Dalam amenorea primer, periode menstruasi tidak pernah dimulai (berdasarkan umur
24
16), sedangkan amenorea sekunder didefinisikan sebagai tidak adanya menstruasi
selama tiga siklus berturut-turut atau jangka waktu lebih dari enam bulan pada wanita
yang sebelumnya menstruasi.
2. Polimenorea
Polimenorea adalah siklus menstruasi yang tidak normal, lebih pendek dari
biasanya atau kurang dari 21 hari. Gangguan ini dikarenakan adanya masalah pada
ovulasi dan pembuahan. Polimenorea dapat menyebabkan wanita mengalami
kesulitan hamil dan gangguan yang lebih serius. Sedangkan oligomenorea adalah
kebalikan dari polimenorea, yakni wanita mengalami siklus menstruasi yang lebih
panjang atau lebih dari 35 hari, namun darah yang keluar saat menstruasi justru
berkurang atau lebih sedikit dari keadaan normal (Manuaba, 2009).
3. Menoragia
Menoragia adalah perdarahan yang terjadi pada masa menstruasi dengan
jumlah yang banyak dapat disertai gumpalan darah bahkan disertai dismenore
(Manuaba, 2009). Pada menoragia, jumlah total darah yang keluar melebihi 80 ml
dalam satu siklus, dan durasi lebih dari 7 hari, untuk frekuensi ganti pembalut dapat
lebih dari 2-5 kali dalam sehari (Prawirohardjo, 2011).
4. Hipomenorea
Hipomenorea merupakan pendarahan yang lebih sedikit dan lebih pendek
dari biasanya. Keadaan ini dapat dikarenakan gangguan rahim, adanya gangguan
endokrin dan gangguan lain di alat reproduksi. Hal ini bisa lebih parah jika wanita
tersebut mengalami tekanan atau stress (Wiknjosastro, 2005). Sedangkan
hipermenora adalah kebalikan dari hipomenora, yaitu pendarahan yang dirasa lebih
banyak dan lebih lama dari biasa atau lebih dari delapan hari. Hal ini bisa disebabkan
adanya mioma di rahim atau gangguan selaput lendir rahim pada saat menstruasi, juga
25
bisa disebabkan penggunaan alat kontrasepsi yang tidak cocok, sehingga
menimbulkan gangguan tersebut (Wiknjosastro, 2005).
5. Dismenore
Dismenore adalah nyeri saat haid yang terasa diperut bagian bawah dan
muncul sebelum, selama dan setelah menstruasi. Nyeri dapat bersifat kolik atau teru-
menerus. Dismenore timbul akibat kontraksi distritmik lapisan miometrium yang
menampilkan satu lebih gejala mulai dari nyeri ringan hingga nyeri berat pada perut
bagian bawah, daerah pantat dan sisi medial paha (Prawirohardjo, 2011).

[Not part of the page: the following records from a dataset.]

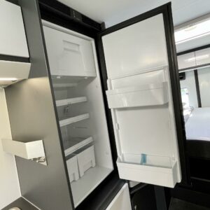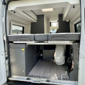 Auton perällä on muhkean kokoinen nukkumatila, missä vuoteet muuttuvat tarpeen mukaan joko erillisiksi vuoteiksi tai pitkittäiseksi parisängyksi.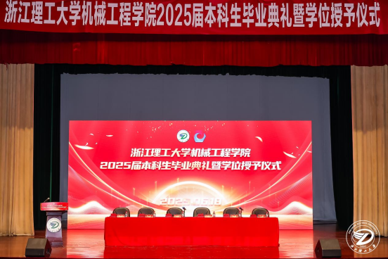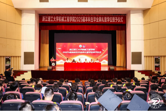 2025届本科生毕业典礼在学生活动中心小剧场举行。学院党政领导班子、各系主任、三办主任、毕业班班主任、教师代表、校友代表、全体辅导员、2025届全体本科毕业生及家长齐聚一堂,共同见证300余名学子圆满完成学业,从浙理机械扬帆启航。典礼由学院党委副书记、纪委书记陆秋萍主持。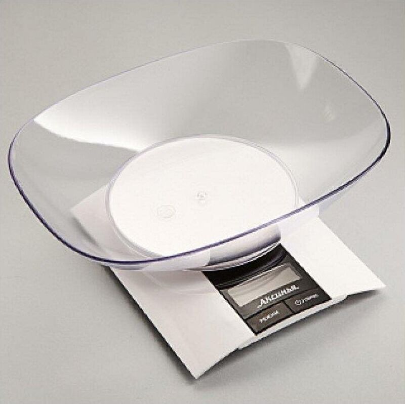 Предельная масса взвешивания 3 кг, Точность взвешивания ± 1 г, Платформа из термостойкого пластика, Цвет: белый, Съемная прозрачная чаша, LCD-дисплей, Индикатор уровня заряда батареи и перегрузки весов, Функция сброса веса тары и обнуления позволяет последовательно взвешивать ингредиенты блюда, не учитывая массу посуды, Выбор единицы измерения, Автоматическое отключение, Электропитание: 2х1,5 В батарея типа ААА (в комплекте).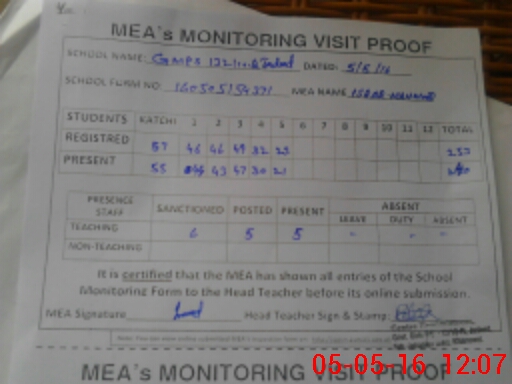 | Attendance Register | Head Teacher | MEA with School | Visit Proof |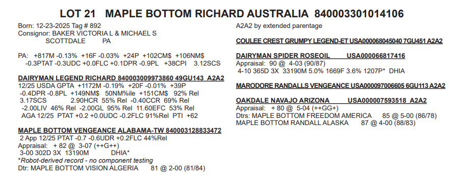 Born: 12-23-2025 Tag # 892 A2A2 by extended parentage

2.2 Konsep Nyeri Haid (Dismenore)
2.2.1 Pengertian Nyeri Haid (Dismenore)
Nyeri haid biasa disebut dismenore, biasanya sangat menyiksa bagi
perempuan. Banyak diantara tidak bisa bangun dari tempat tidur atau mengalami
kesulitan berjalan, tidak jarang yang mengalami penderitaan sehingga tidak dapat
mengerjakan apapun. Remaja putri yang mengalami nyeri haid, biasanya harus
beristirahat sehingga dapat mempengaruhi aktivitas sehari-hari dan berdampak pada
kinerja atau produktivitas remaja (Kusmiyati, 2011).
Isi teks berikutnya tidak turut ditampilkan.